Quarry application update. On the 20th of October, we submitted a joint objection to Surrey County Council regarding the Southern Gravel Chalkpit Quarry application to vary the minerals license and build 75 houses. We worked with Oxted Parish Council, The Woldingham Association, The Oxted and Limpsfield Residents Group, and the Woldingham Action Group. I have been advised that Limpsfield Parish Council, Tatsfield Parish Council and Chelsham and Farleigh Parish Council have also all objected. Tandridge District Council have submitted an objection and have also commenced a judicial review of the process, as they believe, in our view quite rightly, that Surrey County Council’s jurisdiction over the minerals license does not extend to the housing application. The impact of all this on the timing of the application process is at this stage unclear, but it will clearly lengthen the overall process significantly.

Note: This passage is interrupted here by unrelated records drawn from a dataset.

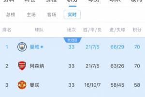 此役后,曼城积70分追平阿森纳,两队均赛33场的情况下,净胜球都是37个,曼城进球数66,阿森纳进球数63,因此曼城登顶!
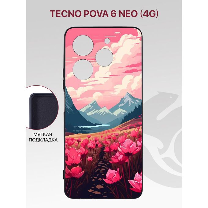 Чехол Soft для Tecno Pova 6 Neo (4G) с рисунком, с защитой камеры, с мягкой подкладкой из микрофибры, противоударный, черный с принтом РОЗОВЫЙ ЗАКАТ (Техно Пова 6 Нео)
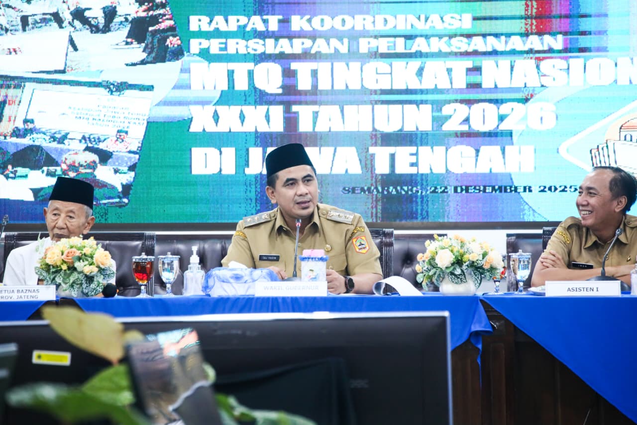 Hal itu disampaikan Gus Yasin, sapaan akrabnya, saat memimpin Rapat Koordinasi Persiapan Pelaksanaan MTQ Tingkat Nasional XXXI (ke-31) Tahun 2026 di Jawa Tengah, di komplek gubernuran Semarang, Senin, 22 Desember 2025.
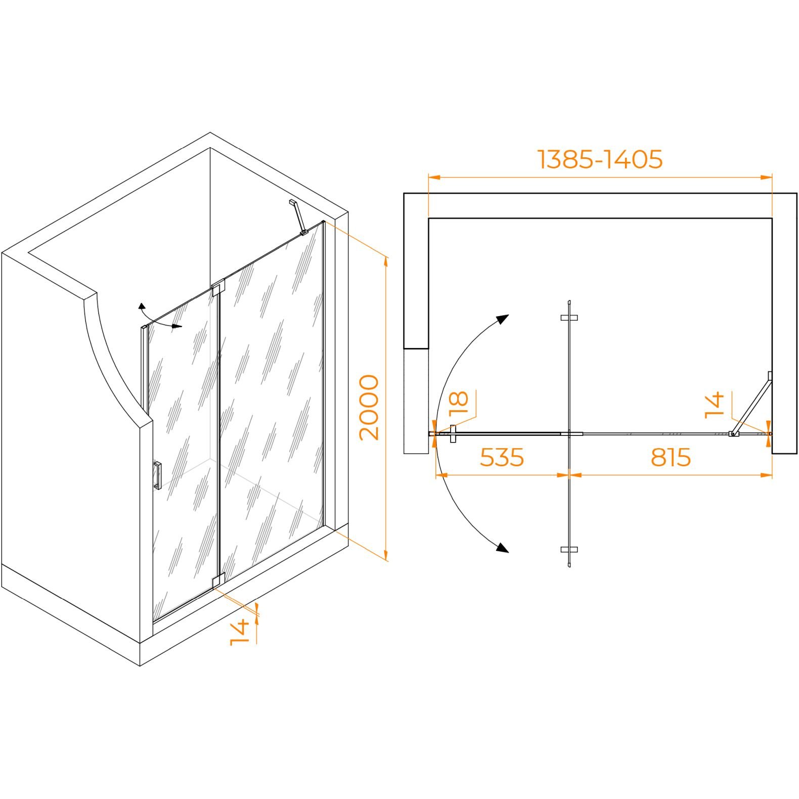 Душевая дверь RGW (РГВ) Hotel 140x200 см HO-014 хром цвет, прозрачное стекло 8 мм, EasyClean (350601414-11)

As a reminder, the proposal is to build not only in Green Belt but in the AONB, which would cause great harm to the beautiful countryside, and there is a lack of infrastructure in Oxted and Woldingham to support hundreds of additional people. While we did finally receive a response to our requests that Surrey Country Council grant an extension and ask the applicant to submit critical missing documents regarding feasibility and other key planning requirements, SCC declined to do either. We also did finally receive an acknowledgement of the WPC’s renewed Freedom of Information Request, stating that due to the complexity of the request, SCC would take 60 rather than 30 days to respond. I note that the request was fairly straight forward, and interestingly despite us needing to review 150 documents for the Quarry application, SCC declined to offer us, even when directly asked, a short extension, although they did grant themselves such an extension.

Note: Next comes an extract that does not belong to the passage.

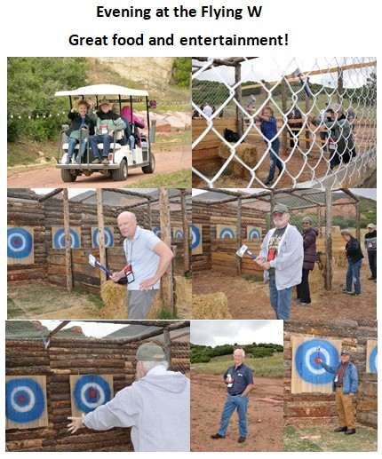 Tours included a trip up nearby Pike's Peak on the COG Railway, a tour of the U.S. Air Force Academy museum along with a side trip to Garden of Gods, a visit to the WWII Air Museum, and a memorable evening at the Flying W Ranch with great food, activities and displays, and live entertainment. The weather even cooperated with thunder and lightning while the band was playing Ghost Riders In The Sky! Hard to beat that.

A growing problem with traveller’s sites harming the Greenbelt: The WPC also recently worked closely with Chelsham and Farleigh Parish Council, Tatsfield Parish Council and Warlingham Parish Council to address the growing number of transgressions of sites on the Green Belt. Just above the northeastern boundary of Woldingham, there have been a growing number of infractions on Traveller’s sites nearby two plots that had permission granted only on appeal. There also appear to be potential infractions on the sites that were granted permission. We have grave concerns over the harm to the Green Belt and the precedent this would set for all our area. We note that while provisions need to be made for traveller’s sites in appropriate areas, the Planning Policy on Traveller’s Sites is clear that Green Belt policy still holds. Woldingham, Tatsfield and Warlingham Parish Councils met with Chelsham and Farleigh Parish Council and worked on and endorsed a letter to TDC to ensure the issues are addressed.
Parish Elections in May: I remind you that local elections take place this May, when the whole of Tandridge Council is up for election, as is the whole of Woldingham Parish Council. We know we will have vacancies, and we always welcome as many people as possible to run. There are all sorts of activities to engage in, from organising events for the village to commenting on planning, helping beautify the village, working on security and safety and representing village views in consultations and other matters. We need to identify potential volunteers by January. If you may be interested in hearing about the work involved in being a Parish Councillor, we would be happy to speak with you. Please email our Clerk at: email@example.com.
Police Meeting 1830 on the 26th of March: The Woldingham Parish Council have organised a meeting with Surrey Police and Crime Commissioner Lisa Townsend and Sergeant Wayne Stephens on the 26th of March 1830-1930, at the Woldingham Village Hall. Topics will include car break-ins, thefts and house break-ins, apprehension and conviction rates and Q&A. All are our welcome. Let us know in advance if you have specific questions at Parish.Clerk@woldingham.com
Carols in the Crescent, 9th December, 6pm
Please see details in this magazine. The Parish Council delight in organising this lovely community event every year and more voices than ever will be raised this year. It is always heart-warming and well attended so please join us!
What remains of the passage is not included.